We now turn to an explanation of the superior electric storage on the APP. The APP structure consists of PVDF main chains containing C = O and N-H radicles¹⁴ (Fig. 4a). The APP has rugged half-sphere surface (convex diameter of 2R, Fig. 4b) with nanometre-sized cavities. Notably, lattice contractions have been observed in nanometre-sized metallic particles, such as silver¹⁵, copper and platinum¹⁶ and gold¹⁷. Such contractions are due to the extreme confinement of the inner electrons—the so-called quantum-size effect^18,19. This effect is interpreted by screening multiple inner-combined electrons for a strong positive-charge nucleus²⁰. Analogously, we inferred that the superior electric storage on the uneven APP surface is due to the same quantum-size effect, which induces a relative increase in the combined electrons, resulting in fewer free outer electrons from the screening effect. The convex-diameter dependencies of the calculated electrostatic potential and the induced outer electron pressure of fluorine atoms surrounding the APP structure are presented in Fig. 4c by means of the Thomas-Fermi (TF)’s electronic screening theory (discussed at length in the Supplementary Information). The decrease in diameter increases the negative potential and the positive pressure. The calculated potential was consistent with the experimental data at a convexity of 14 nm in diameter. A microscopic schematic is provided in Fig. 4d. In sharp contrast to conventional EDLC, in which its electrode is parallel to the circuit, the electrically- negative convex portion of APVEP main chains and the electrically-positive concave one dominated by C=O and N-H radicles with permanent dipoles²¹ form many electric double layers (EDLs) perpendicular to the electrode (see Fig. S4 in Supplementary Information). This model shows that the more an EDL’s density increases (namely, the more convex-diameter decreases due to quantum-size effect), the more the electric storage increases. The uneven surface serves as a series of resistors for an insulation layer with tiny capacitors through the bulk, as shown in inset of Fig. 2c. Thus, in comparison with EDLCs, the APP device has some advantages, such as a wide operation temperature, higher charging/discharging voltage, larger integration, lighter weight and prevention of IV drop at long distance from electrodes.

Figure 4

(a) Structural model of the APP with green fluorine, grey carbon and red oxygen atoms and possible structure with nanometer-sized clusters. (b) Schematic diagram for calculations based on the Thomas-Fermi statistical method. (c) Porous-distance dependence of the electron potential and pressure for the concave and convex portions. (d) Schematic representation of the microscopic electric energy storage used in this study.

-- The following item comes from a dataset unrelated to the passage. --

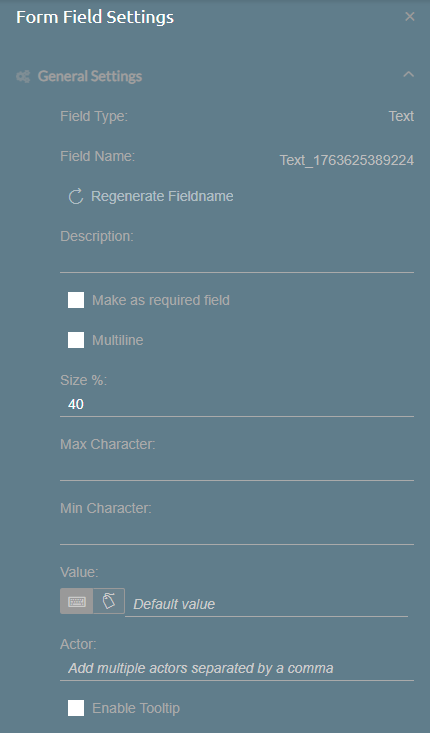 - Field Name: Unique name for the Form Field. You can regenerate a new Field Name through the Regenerate Fieldname button below.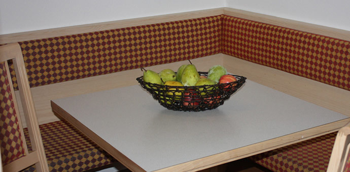 Во всех номерах — элегантные интерьеры, выполненные в современном стиле и выдержанные в светлых тонах, с удобной мебелью, ковровым покрытием, мягким освещением, во многих номерах есть тирольская печь.

We demonstrated the storage potential for the APP given its nanometre-sized cavities on an uneven surface. The APP has a high work function, measured at 10.13 eV and it succeeded in illuminating an LED. We inferred that the potential for electric storage is related to the quantum-size effect derived from the TF theory. The integration of the film with a micro-electro mechanical system is likely to provide even higher levels of charge storage for portable electric application.

Methods

The APVEP film with nanometre-cluster was prepared by doping a 3-aminopropyl (triethoxy) silane-coupling reagent into the APP. Sheet specimens with a thickness of 15 μm were fabricated on the Si substrate by spin-coating. The specific density, glass-transition temperature and water-adsorption rate was 2.03, 471 K and 0.01%, respectively²². The devices were fabricated mechanically⁸.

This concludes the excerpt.